Comments: 0 · Posts: 6936 · Topics: 267
Nobody has addressed the military aspect of this. If you're going to be in a relationship with someone in the military, you need to realize that his commitments are not just to his family and friends, but his country. He has enough strict control he has to adhere to in the military that he doesn't need you or someone like you to control or nitpick over things that you may or may not like. He's a grown man, the country trusts him to protect our assets and even gives him authority to use a gun.

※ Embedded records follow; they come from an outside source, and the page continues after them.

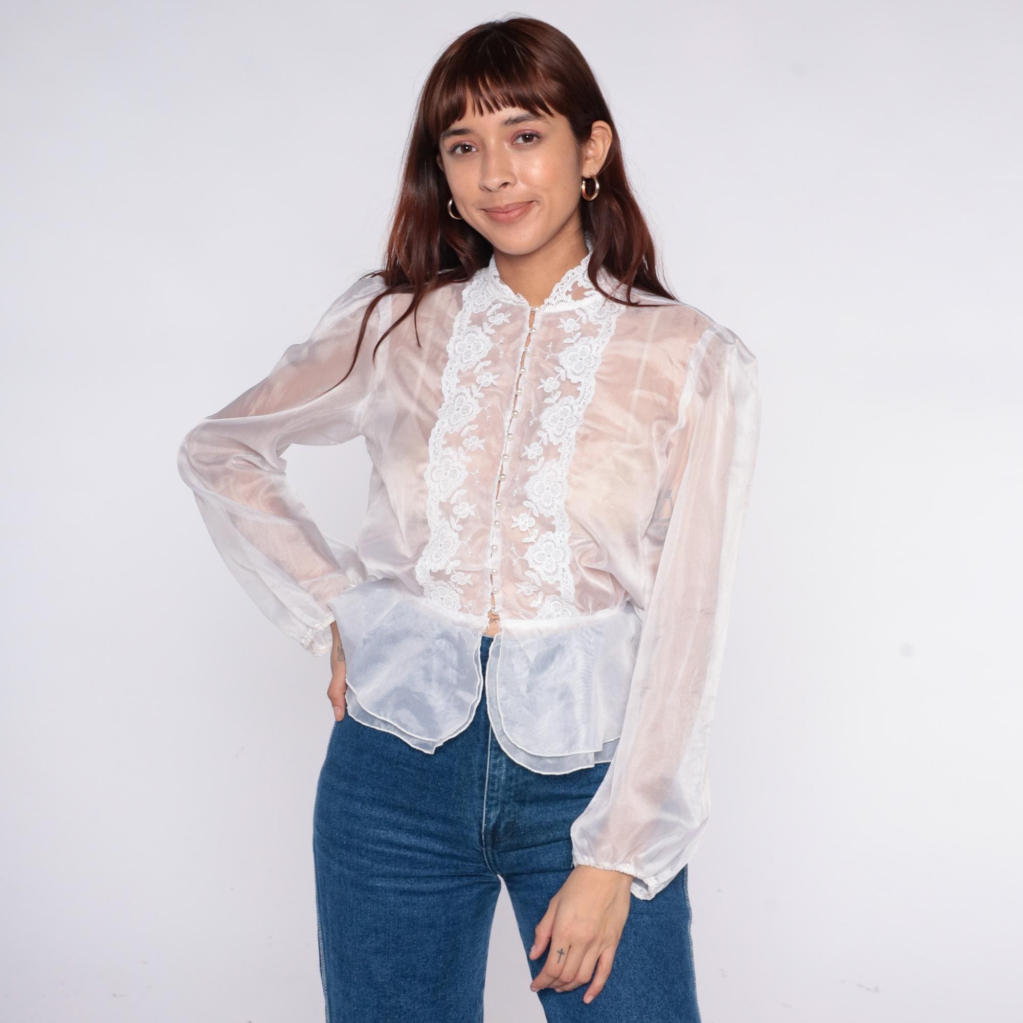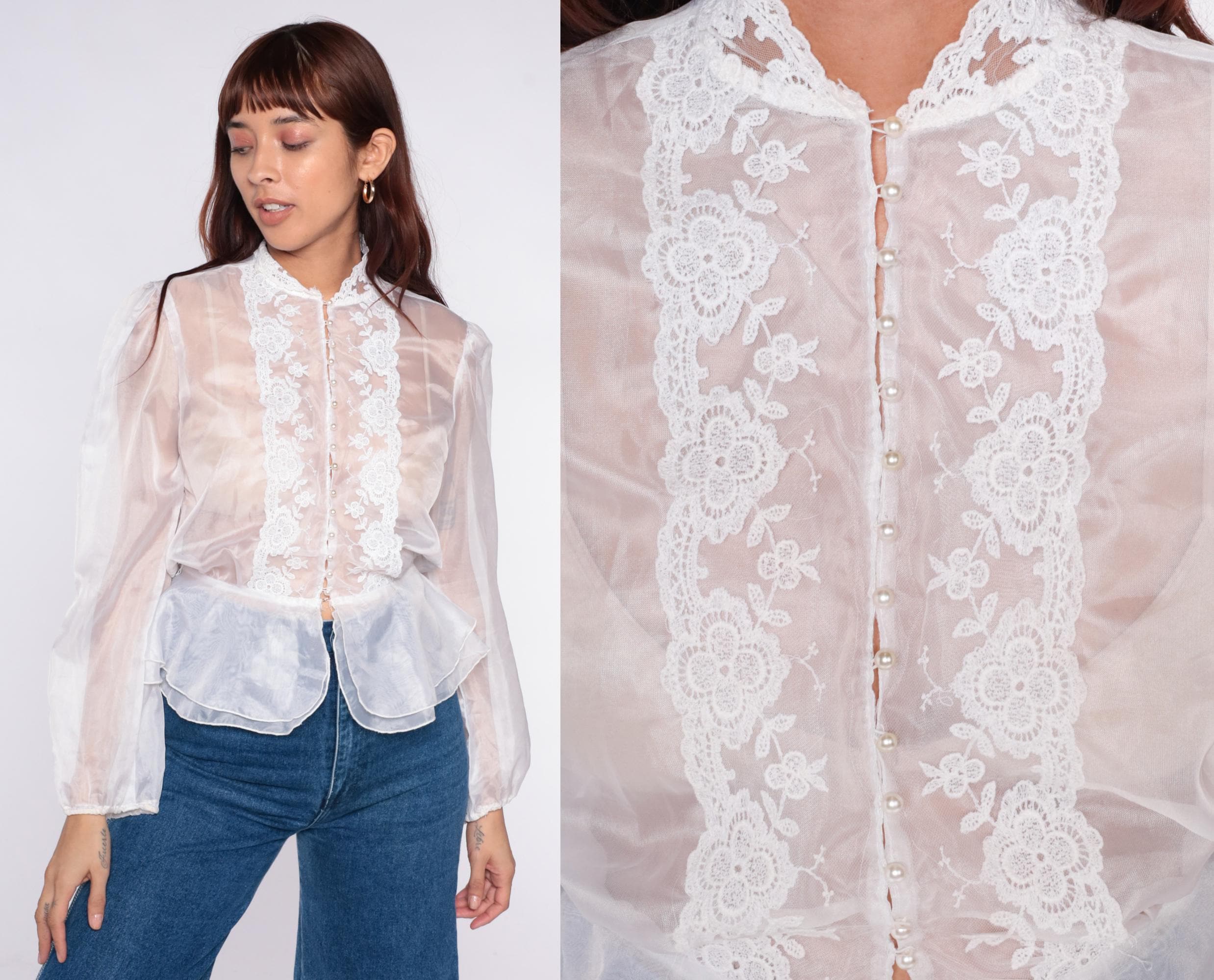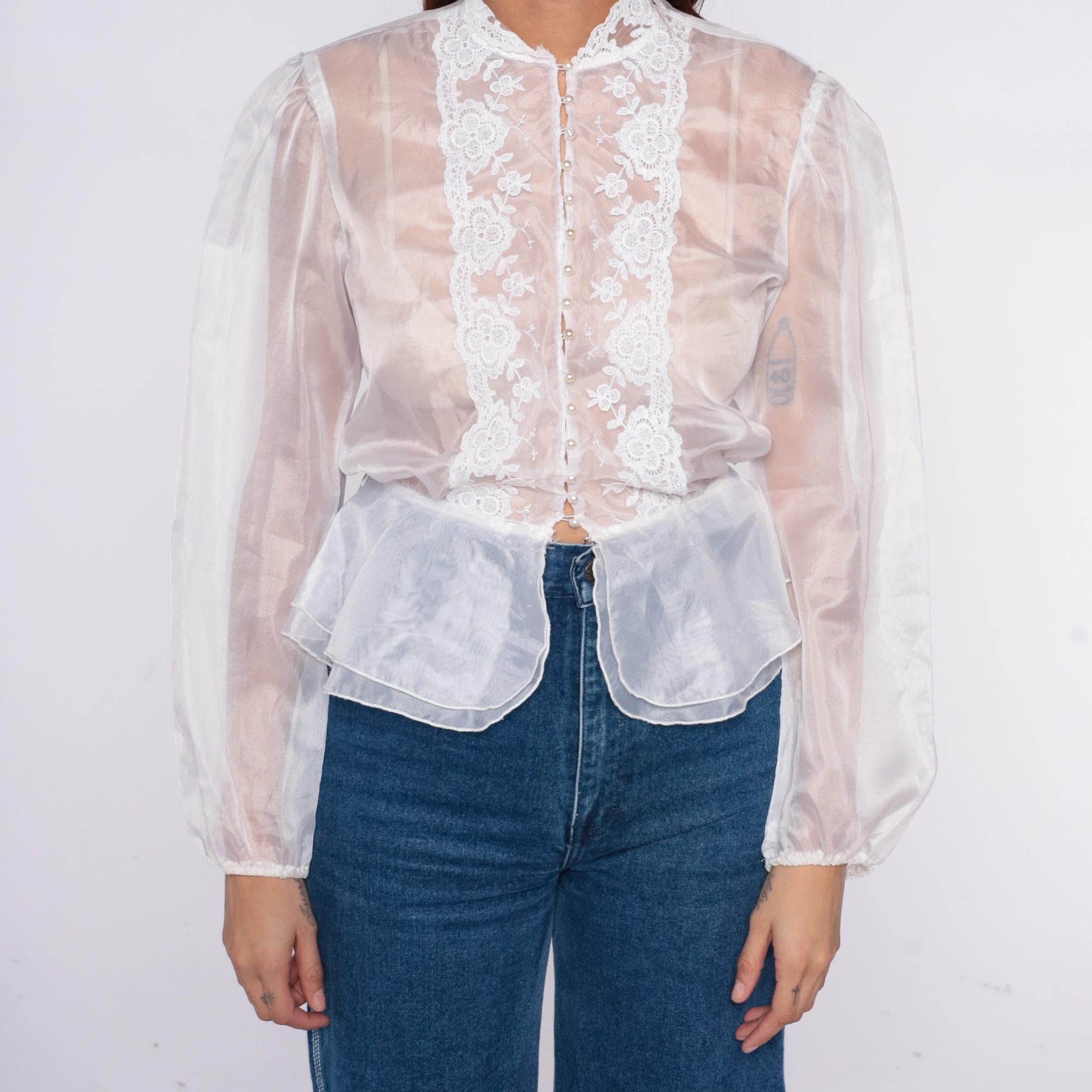 White sheer 70s blouse with lace collar and lace trim down the front placket. Pearl button closure from neckline to hem, long sleeves with elastic cuffs, scalloped peplum hemline.
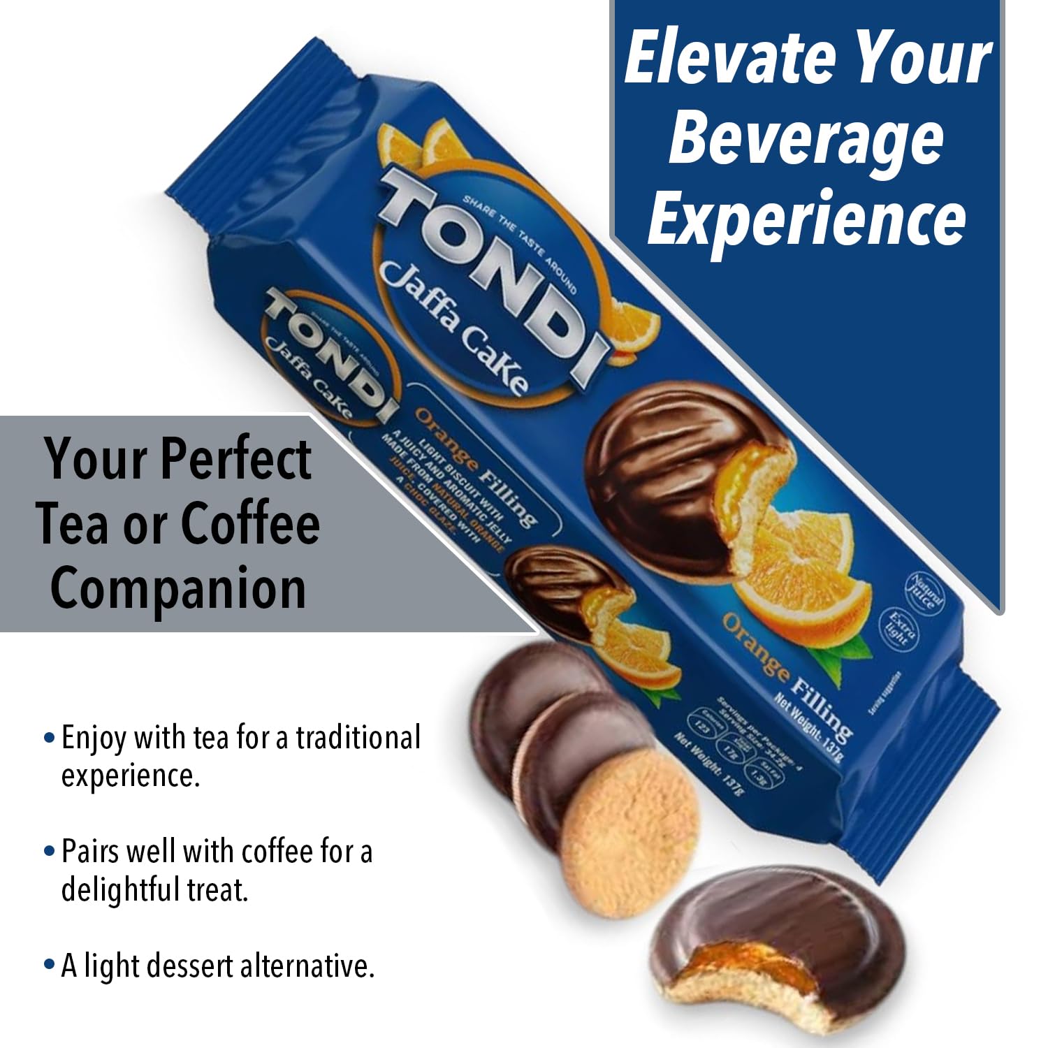 Q: What is the weight of each pack of Tondi Jaffa Cakes?A: Each pack of Tondi Jaffa Cakes in the Variety Pack weighs 137g, providing a satisfying amount for snacking or sharing.
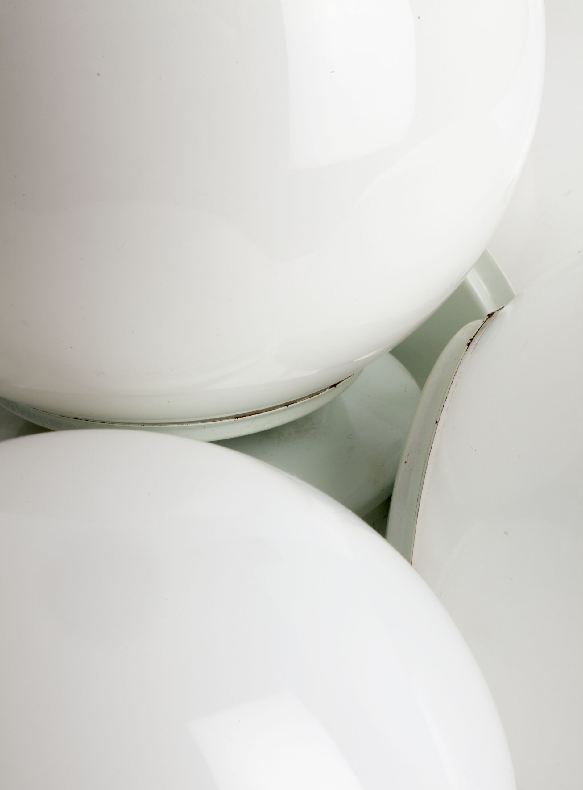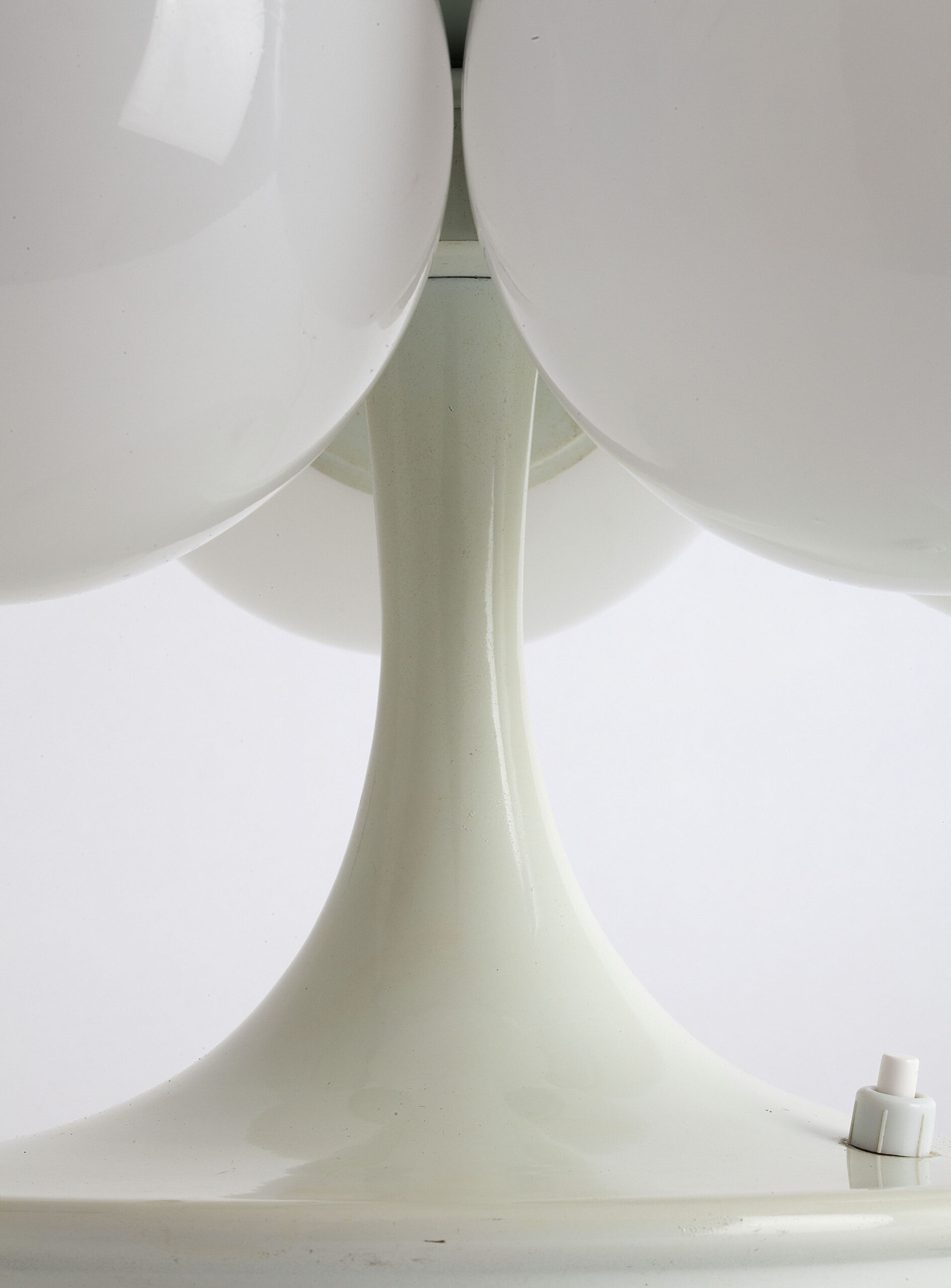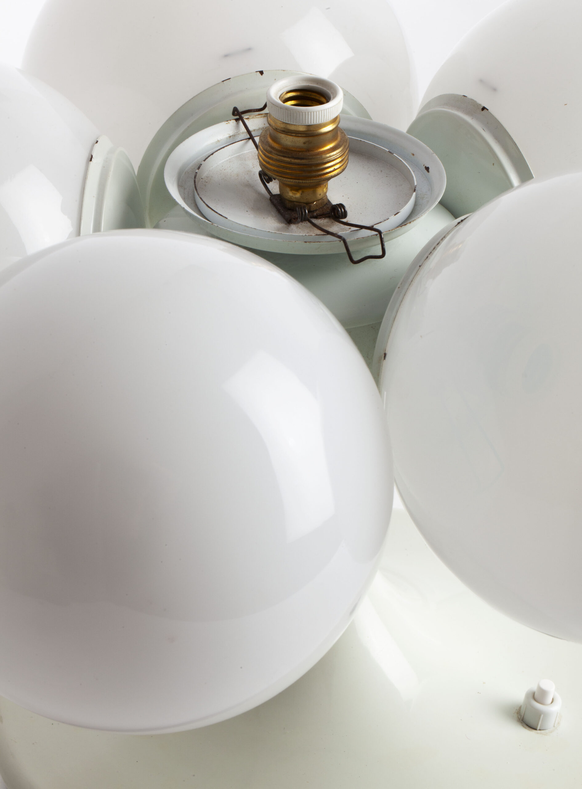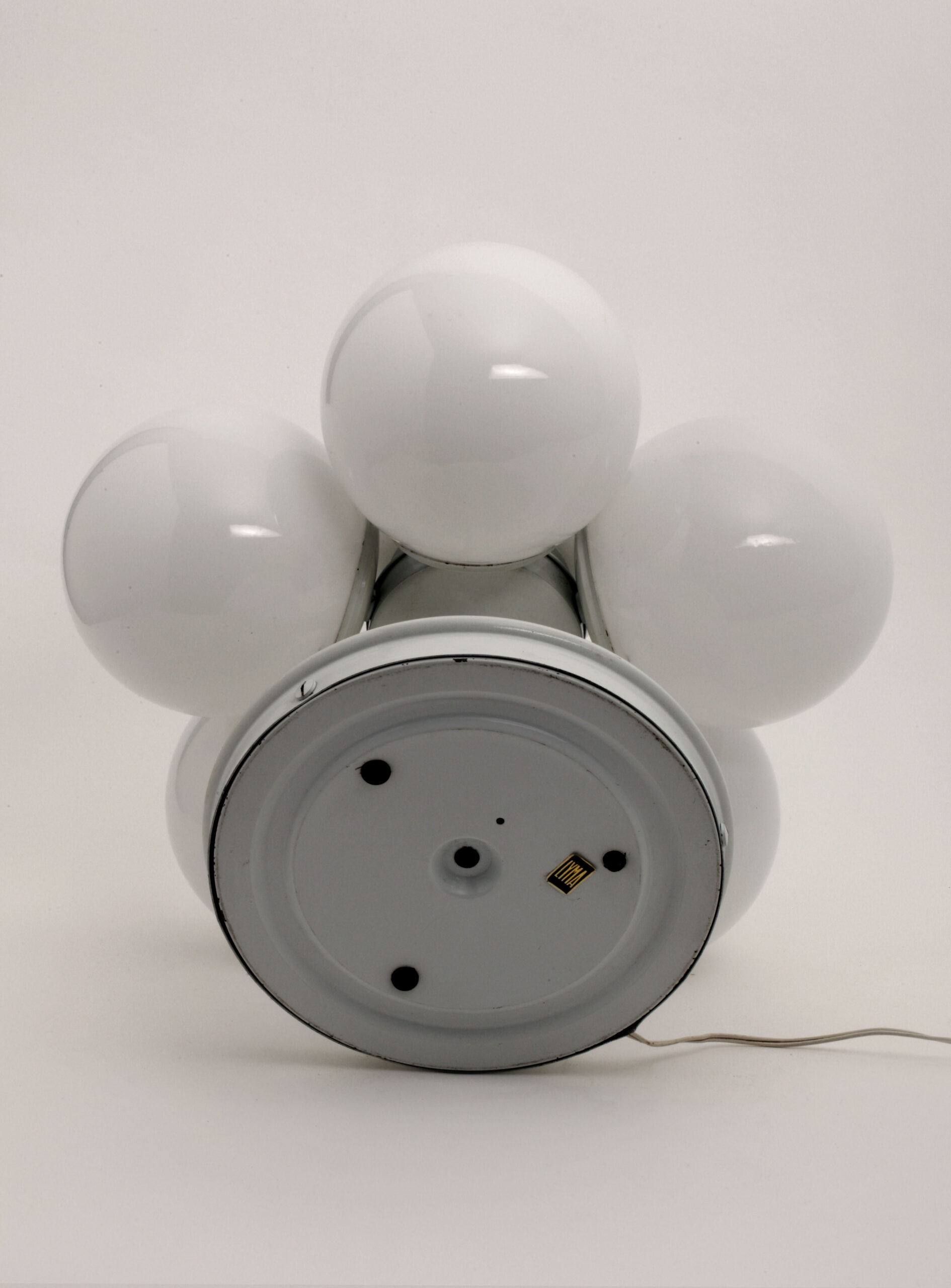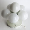 White lacquered aluminium structure and opal glass globes.
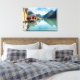 I Canvas landskap skrivs färghusen i den lilla byn Fjaerland ut med reflektion i vatten i Fjaerlandsfjord, gren i Sognefjord, omgiven av stora berg i Sogn og Fjordane, Norgen. Underbar dekoration på väggen!
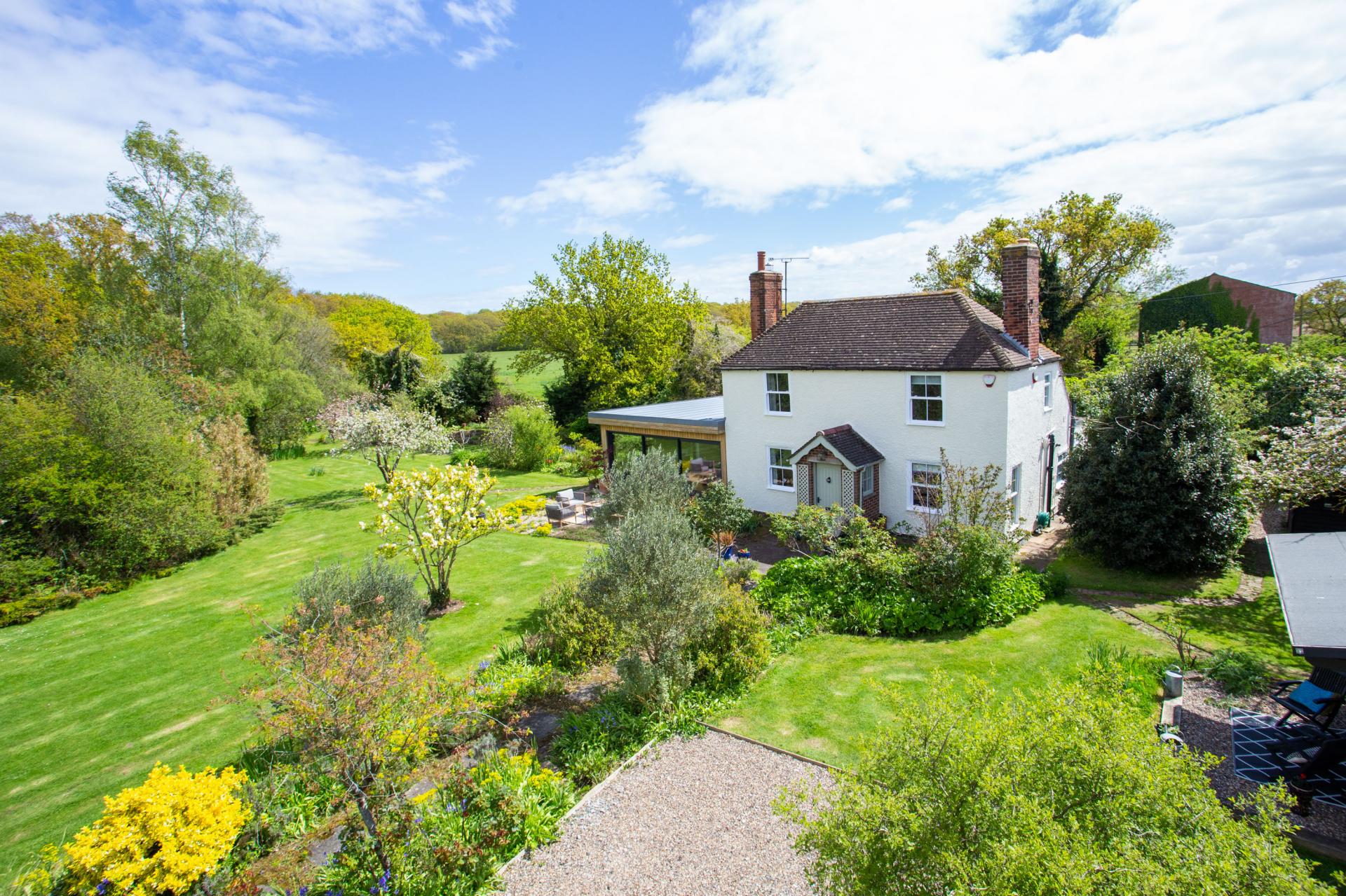 You could be forgiven for thinking you had stepped into a fairytale when you first see this adorable cottage nestling amidst 0.6486 of an acre of secluded grounds on the edge of East Blean Woods and surrounded by farmland. With its central pitched roof porch, period front door, two sash windows on either side and high chimney stacks it looks as though a child has drawn it as their idea of a house and then you take a second look and see it has interesting modern overtones at one side.

One of your quotes: —I've grown up in a yelling environment and he has to.. But he expressed to me that growing up when his mother would yell he would just ignore her so when my voice raises he ignores me. Sometimes that's just how I talk to express myself my tone changes but I'm excited about the topic and I want him to understand and he gets mad because to him all he can hear is loud words and he's not getting the msg.
Unhealthy behavior
I can explode on people and I have disrespected him with my words. I can dig deep and say hurtful things. I even might threaten you.??


He expressed to you that he shuts down when someone yells because of how his mom was. Take that as a sign that you are reminding him of his upbringing, a negative memory at that!

Another question for you: how often do you see him now? Is your relationship strictly over the phone, email, and text? I think it's time you move on - your relationship with him is toxic and unfortunately, it appears that you made it that way.